Enhancement of genome-scale network reconstruction and reporter metabolite analysis

The identified protein-encoding genes from the C. militaris strain TBRC6039 transcriptome were then incorporated into the genome-scale metabolic network of C. militaris (iWV1170)11 based on their corresponding gene-protein-reaction (GPR) associations. According to the functional annotation, newly identified GPR associations of protein-encoding genes, which were obtained from homology searches, biochemical textbooks and the literature, were manually included in the network. To further enhance the metabolic reconstruction, genes encoding for transporters and their associated reactions from the transporter classification database (TCDB)60 were used to improve network connectivity.

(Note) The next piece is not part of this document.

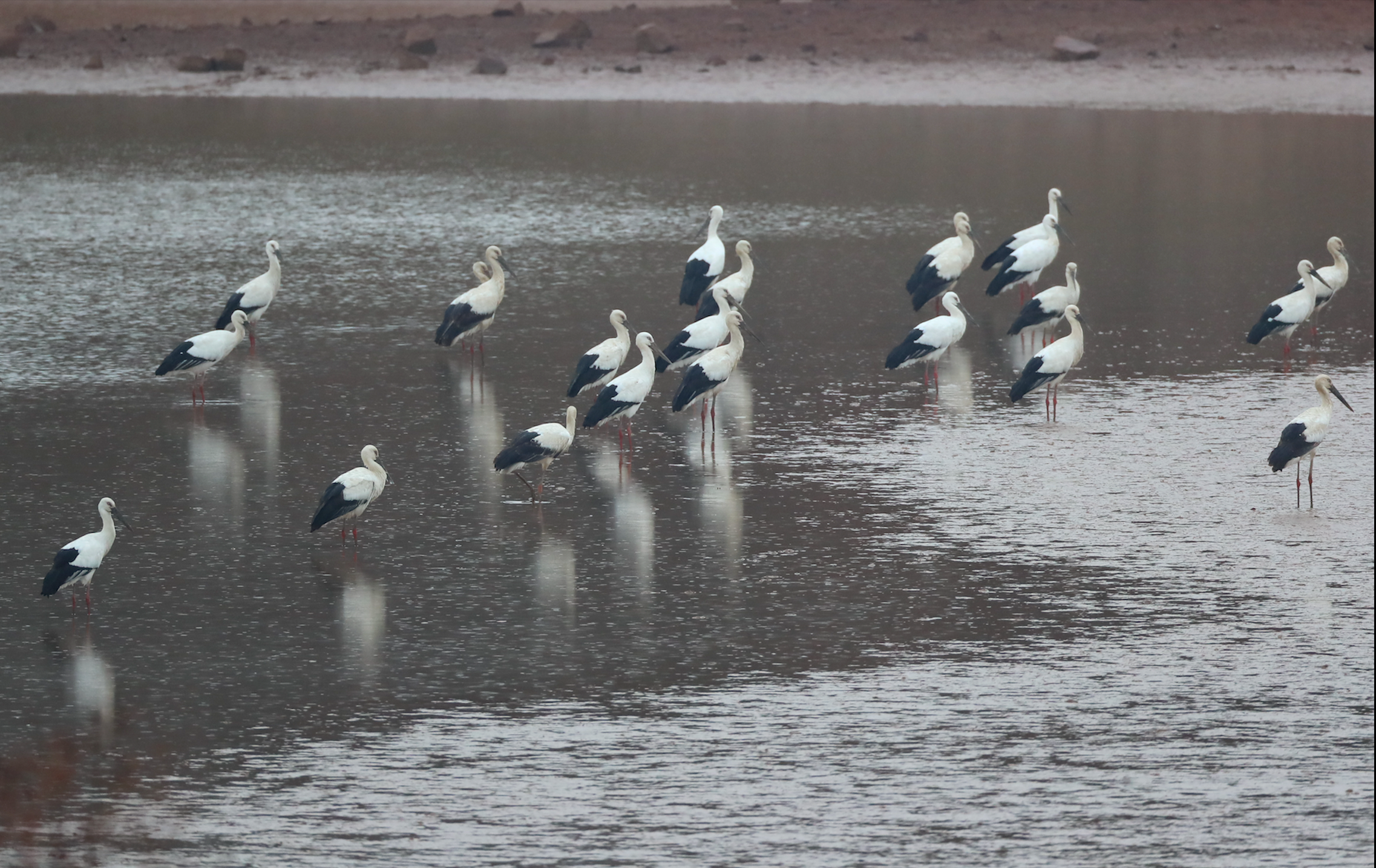 东方白鹳的数量极少,最新数据显示,全球也只有9000多只。此前,它们也曾造访过官厅水库,最多的一次14只,其余均为个体。

Once the reconstructed genome-scale network was enhanced, it could be used as a scaffold for reporter metabolite analysis. This analysis was performed using gene level statistics (e.g., p-value), a set of genes and their associated metabolites as the inputs16,41. If a metabolite had a distinct-directional p-value below 0.01 (pDistinctDirUp or pDistinctDirDn in the R package Piano)41, then it was identified as a significant reporter metabolite. In a similar manner, a set of genes and their corresponding reactions associated with reporter metabolites was considered to be a significant metabolic subnetwork.

Data accessibility

Raw Illumina HiSeq. 4000 sequences have been deposited to NCBI Sequence Read Archive (SRA) under the BioProject accession number PRJNA416937.